* _Exercise requirements_: Every word of the data below has to be copied faithfully.

Supplied material Block Start

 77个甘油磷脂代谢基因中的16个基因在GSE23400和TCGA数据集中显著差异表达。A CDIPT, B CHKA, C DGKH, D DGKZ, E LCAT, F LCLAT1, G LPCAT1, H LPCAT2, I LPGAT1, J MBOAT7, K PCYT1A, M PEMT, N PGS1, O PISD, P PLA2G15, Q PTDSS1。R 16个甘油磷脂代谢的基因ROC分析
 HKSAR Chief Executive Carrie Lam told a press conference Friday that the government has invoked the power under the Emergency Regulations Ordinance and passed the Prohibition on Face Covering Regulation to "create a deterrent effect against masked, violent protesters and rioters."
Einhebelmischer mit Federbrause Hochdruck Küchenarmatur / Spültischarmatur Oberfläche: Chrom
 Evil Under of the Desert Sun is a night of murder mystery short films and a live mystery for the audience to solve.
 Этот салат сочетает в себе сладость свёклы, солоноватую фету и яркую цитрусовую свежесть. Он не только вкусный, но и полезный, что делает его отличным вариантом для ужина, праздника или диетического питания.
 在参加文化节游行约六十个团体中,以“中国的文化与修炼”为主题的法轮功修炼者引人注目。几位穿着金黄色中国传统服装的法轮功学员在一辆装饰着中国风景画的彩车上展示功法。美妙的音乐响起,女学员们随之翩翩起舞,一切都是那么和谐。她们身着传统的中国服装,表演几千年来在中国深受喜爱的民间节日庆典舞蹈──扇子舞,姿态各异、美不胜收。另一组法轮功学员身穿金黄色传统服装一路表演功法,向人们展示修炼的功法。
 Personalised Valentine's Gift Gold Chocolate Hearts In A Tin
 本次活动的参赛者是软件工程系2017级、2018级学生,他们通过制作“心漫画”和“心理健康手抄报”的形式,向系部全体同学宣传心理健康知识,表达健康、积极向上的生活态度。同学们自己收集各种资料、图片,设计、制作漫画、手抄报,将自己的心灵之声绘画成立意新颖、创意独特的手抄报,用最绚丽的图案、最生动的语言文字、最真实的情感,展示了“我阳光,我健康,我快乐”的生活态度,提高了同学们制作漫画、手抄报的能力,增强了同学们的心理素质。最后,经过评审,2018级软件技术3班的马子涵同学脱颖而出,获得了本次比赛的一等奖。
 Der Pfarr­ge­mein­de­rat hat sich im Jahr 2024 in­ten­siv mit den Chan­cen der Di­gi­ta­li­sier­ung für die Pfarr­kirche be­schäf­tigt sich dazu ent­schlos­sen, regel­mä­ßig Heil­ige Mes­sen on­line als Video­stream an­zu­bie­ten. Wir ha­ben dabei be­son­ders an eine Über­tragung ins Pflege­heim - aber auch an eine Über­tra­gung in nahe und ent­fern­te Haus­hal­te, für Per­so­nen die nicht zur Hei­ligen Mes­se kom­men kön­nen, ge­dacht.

Supplied material Block End

* _Solved problem_:
 77个甘油磷脂代谢基因中的16个基因在GSE23400和TCGA数据集中显著差异表达。A CDIPT, B CHKA, C DGKH, D DGKZ, E LCAT, F LCLAT1, G LPCAT1, H LPCAT2, I LPGAT1, J MBOAT7, K PCYT1A, M PEMT, N PGS1, O PISD, P PLA2G15, Q PTDSS1。R 16个甘油磷脂代谢的基因ROC分析
 HKSAR Chief Executive Carrie Lam told a press conference Friday that the government has invoked the power under the Emergency Regulations Ordinance and passed the Prohibition on Face Covering Regulation to "create a deterrent effect against masked, violent protesters and rioters."
Einhebelmischer mit Federbrause Hochdruck Küchenarmatur / Spültischarmatur Oberfläche: Chrom
 Evil Under of the Desert Sun is a night of murder mystery short films and a live mystery for the audience to solve.
 Этот салат сочетает в себе сладость свёклы, солоноватую фету и яркую цитрусовую свежесть. Он не только вкусный, но и полезный, что делает его отличным вариантом для ужина, праздника или диетического питания.
 在参加文化节游行约六十个团体中,以“中国的文化与修炼”为主题的法轮功修炼者引人注目。几位穿着金黄色中国传统服装的法轮功学员在一辆装饰着中国风景画的彩车上展示功法。美妙的音乐响起,女学员们随之翩翩起舞,一切都是那么和谐。她们身着传统的中国服装,表演几千年来在中国深受喜爱的民间节日庆典舞蹈──扇子舞,姿态各异、美不胜收。另一组法轮功学员身穿金黄色传统服装一路表演功法,向人们展示修炼的功法。
 Personalised Valentine's Gift Gold Chocolate Hearts In A Tin
 本次活动的参赛者是软件工程系2017级、2018级学生,他们通过制作“心漫画”和“心理健康手抄报”的形式,向系部全体同学宣传心理健康知识,表达健康、积极向上的生活态度。同学们自己收集各种资料、图片,设计、制作漫画、手抄报,将自己的心灵之声绘画成立意新颖、创意独特的手抄报,用最绚丽的图案、最生动的语言文字、最真实的情感,展示了“我阳光,我健康,我快乐”的生活态度,提高了同学们制作漫画、手抄报的能力,增强了同学们的心理素质。最后,经过评审,2018级软件技术3班的马子涵同学脱颖而出,获得了本次比赛的一等奖。
 Der Pfarr­ge­mein­de­rat hat sich im Jahr 2024 in­ten­siv mit den Chan­cen der Di­gi­ta­li­sier­ung für die Pfarr­kirche be­schäf­tigt sich dazu ent­schlos­sen, regel­mä­ßig Heil­ige Mes­sen on­line als Video­stream an­zu­bie­ten. Wir ha­ben dabei be­son­ders an eine Über­tragung ins Pflege­heim - aber auch an eine Über­tra­gung in nahe und ent­fern­te Haus­hal­te, für Per­so­nen die nicht zur Hei­ligen Mes­se kom­men kön­nen, ge­dacht.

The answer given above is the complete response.